On Oct 25, 11:52 am, "Jean H." <jghas...@DELTHIS.ucalgary.ANDTHIS.ca>
wrote:
> Hi,
> Try to read each line as a string, then split this string using strSplit
> with the keywork Preserve_Null set. Then you can build your 6*n array,
> filling the location having a null string value with a flag value...
>
> Jean
>
> wille...@gmail.com wrote:
>> G'day,
>
>> I'm trying to read in a data table to IDL that is (gasp)

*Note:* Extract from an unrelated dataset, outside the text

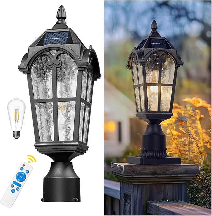 - Weather Resistant: With a waterproof rating of IP43, this post lamp is made of durable aluminum and water grain glass in a black finish, suitable for all-weather use. Comes with a 2700K LED light bulb(Max 4W). NOTE: Light source is INCLUDED and Not compatible with other LED bulbs. ONLY suitable for the ST64 LED bulbs - Asin: B0F2HWRPP9.
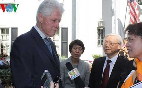 Sau cuộc gặp gỡ thân tình với Tổng Bí thư Nguyễn Phú Trọng, cựu Tổng thống Bill Clinton dành cho nhóm báo chí tháp tùng Đoàn cuộc trả lời phỏng vấn về sự kiện đặc biệt trong quan hệ Việt Nam - Hoa Kỳ này, cũng như đánh giá của ông về chuyến thăm chính thức Hoa Kỳ lần đầu tiên của Tổng bí thư Đảng Cộng sản Việt Nam.

>> non-rectangular (thanks very much to the astronomers involved). The
>> data is in an ASCII file, but certain cells will simply be blank if
>> there was no data for that particular value (so out of 6 columns, any
>> given row might have 0-6 actual values). Reading this into IDL, though,
>> doesn't seem to work according to Hoyle. This is what I have tried (and
>> received):
>
>> ___________
>
>> fname = 'table1.dat'
>> openr, lun1, fname, /get_lun
>> nlines = file_lines(fname)
>> data = fltarr(6, nlines)
>> readf, lun1, data
>
>> % READF: Input conversion error. Unit: 100
>> File: /Users/willettk/table1
>> % Execution halted at: $MAIN$
>
>> ___________
>
>> Any ideas that might help me read the data? Many thanks, if so.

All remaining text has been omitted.